*WHAT IS REQUIRED:* Only text belongs in your copy of the listing below; reproduce it exactly and leave out the pictures.

*RECORDED DATA:*

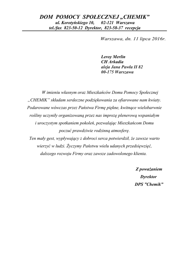 DOM POMOCY SPOŁECZNEJ „CHEMIK” ul. Korotyńskiego 10, 02-121 Warszawa tel./fax 823-50-12 Dyrektor, 823-58-37 recepcja Warszawa, dn. 11 lipca 2016r. Leroy Merlin CH Arkadia aleja Jana Pawła II 82 00-175 Warszawa W imieniu własnym oraz Mieszkańców Domu Pomocy Społecznej „CHEMIK” składam serdeczne podziękowania za ofiarowane nam kwiaty. Podarowane wówczas przez Państwa Firmę piękne, kwitnące wielobarwnie rośliny uczyniły organizowaną przez nas imprezę plenerową wspaniałym i uroczystym spotkaniem pokoleń, pozwalając Mieszkańcom Domu poczuć prawdziwie rodzinną atmosferę. Ten mały gest, wypływający z dobroci serca potwierdził, że zawsze warto wierzyć w ludzi. Życzymy Państwu wielu udanych przedsięwzięć, dalszego rozwoju Firmy oraz zawsze zadowolonego klienta. Z poważaniem Dyrektor DPS ”Chemik”
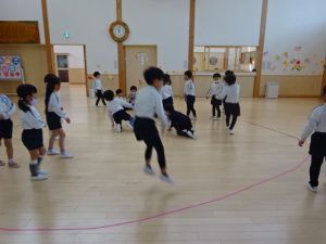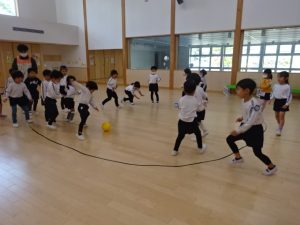 5歳児ぶどう組さんは、転がしドッチボール🥎とても白熱しています✨
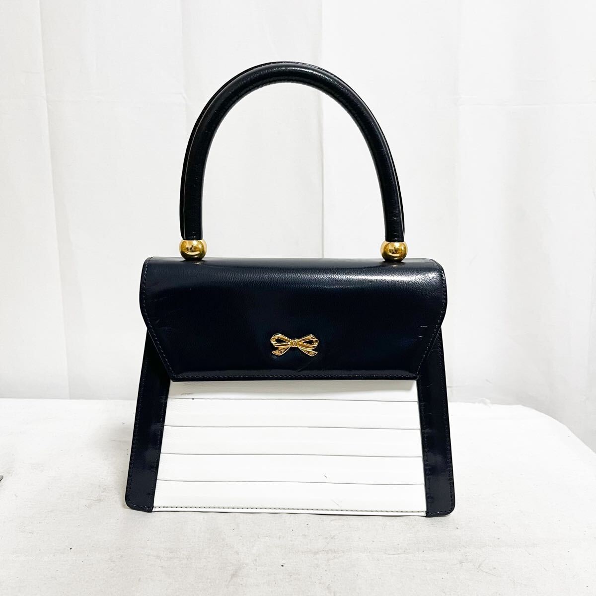 - 和858★ HANAE MORI ハナエモリ ハンドバッグ ミニバッグ パーティー オケージョン ネイビー ホワイト レディース

*SOLUTION FOR THIS TASK:*
 DOM POMOCY SPOŁECZNEJ „CHEMIK” ul. Korotyńskiego 10, 02-121 Warszawa tel./fax 823-50-12 Dyrektor, 823-58-37 recepcja Warszawa, dn. 11 lipca 2016r. Leroy Merlin CH Arkadia aleja Jana Pawła II 82 00-175 Warszawa W imieniu własnym oraz Mieszkańców Domu Pomocy Społecznej „CHEMIK” składam serdeczne podziękowania za ofiarowane nam kwiaty. Podarowane wówczas przez Państwa Firmę piękne, kwitnące wielobarwnie rośliny uczyniły organizowaną przez nas imprezę plenerową wspaniałym i uroczystym spotkaniem pokoleń, pozwalając Mieszkańcom Domu poczuć prawdziwie rodzinną atmosferę. Ten mały gest, wypływający z dobroci serca potwierdził, że zawsze warto wierzyć w ludzi. Życzymy Państwu wielu udanych przedsięwzięć, dalszego rozwoju Firmy oraz zawsze zadowolonego klienta. Z poważaniem Dyrektor DPS ”Chemik”
 5歳児ぶどう組さんは、転がしドッチボール🥎とても白熱しています✨
 - 和858★ HANAE MORI ハナエモリ ハンドバッグ ミニバッグ パーティー オケージョン ネイビー ホワイト レディース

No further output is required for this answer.